RECORDS PROVIDED →
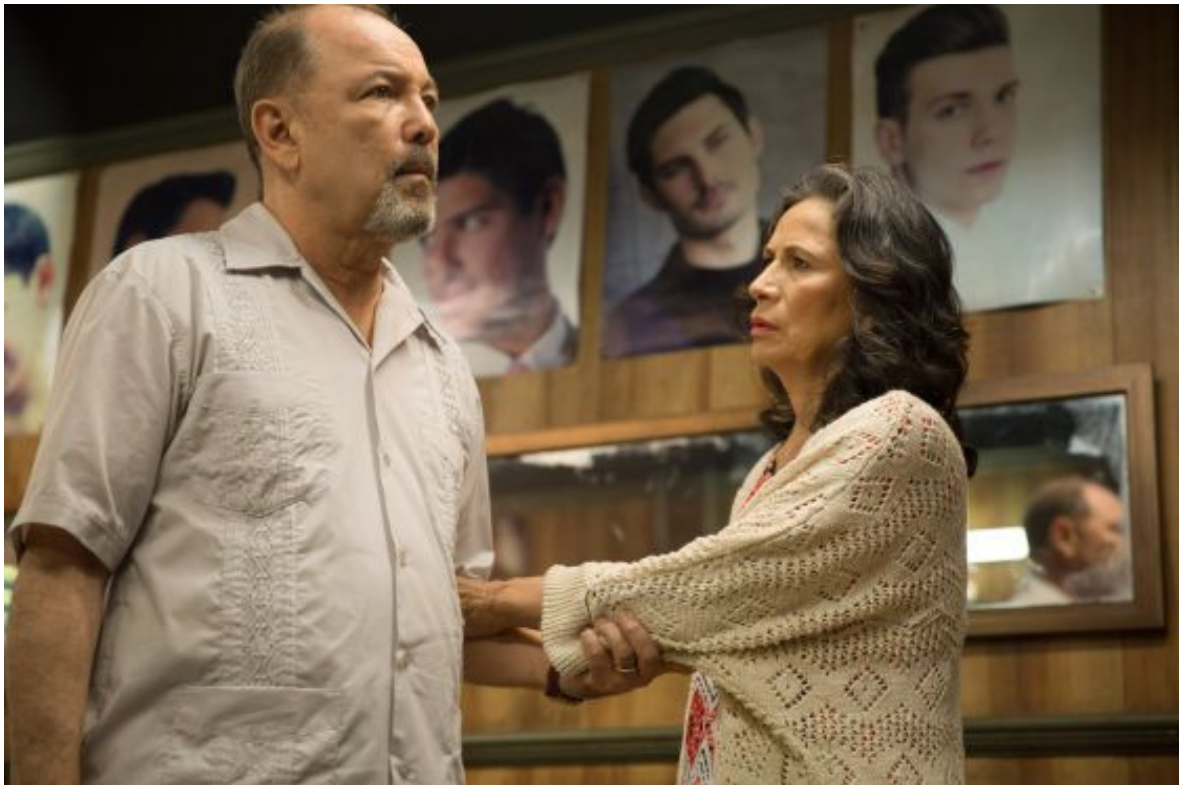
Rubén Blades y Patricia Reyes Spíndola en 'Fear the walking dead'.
==
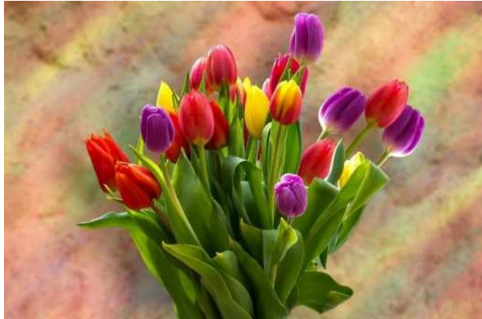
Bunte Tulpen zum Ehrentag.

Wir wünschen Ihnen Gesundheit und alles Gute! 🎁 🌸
==
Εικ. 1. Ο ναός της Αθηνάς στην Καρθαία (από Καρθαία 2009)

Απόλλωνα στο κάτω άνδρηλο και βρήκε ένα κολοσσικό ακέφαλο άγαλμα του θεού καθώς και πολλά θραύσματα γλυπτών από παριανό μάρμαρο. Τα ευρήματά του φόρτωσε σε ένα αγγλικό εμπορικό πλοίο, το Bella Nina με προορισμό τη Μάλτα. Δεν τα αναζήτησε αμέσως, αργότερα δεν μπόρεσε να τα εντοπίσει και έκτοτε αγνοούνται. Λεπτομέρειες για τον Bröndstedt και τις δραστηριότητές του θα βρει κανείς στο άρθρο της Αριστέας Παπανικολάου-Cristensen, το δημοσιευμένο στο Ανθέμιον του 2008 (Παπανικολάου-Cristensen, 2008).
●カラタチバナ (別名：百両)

DESCRIPTION OF THE TASK →
Using the entries above, output exactly the lines between the line holding "Bunte Tulpen zum Ehrentag." and the line holding "Wir wünschen Ihnen", end lines included, and nothing more.

COMPLETED TASK →
Bunte Tulpen zum Ehrentag.

Wir wünschen Ihnen Gesundheit und alles Gute! 🎁 🌸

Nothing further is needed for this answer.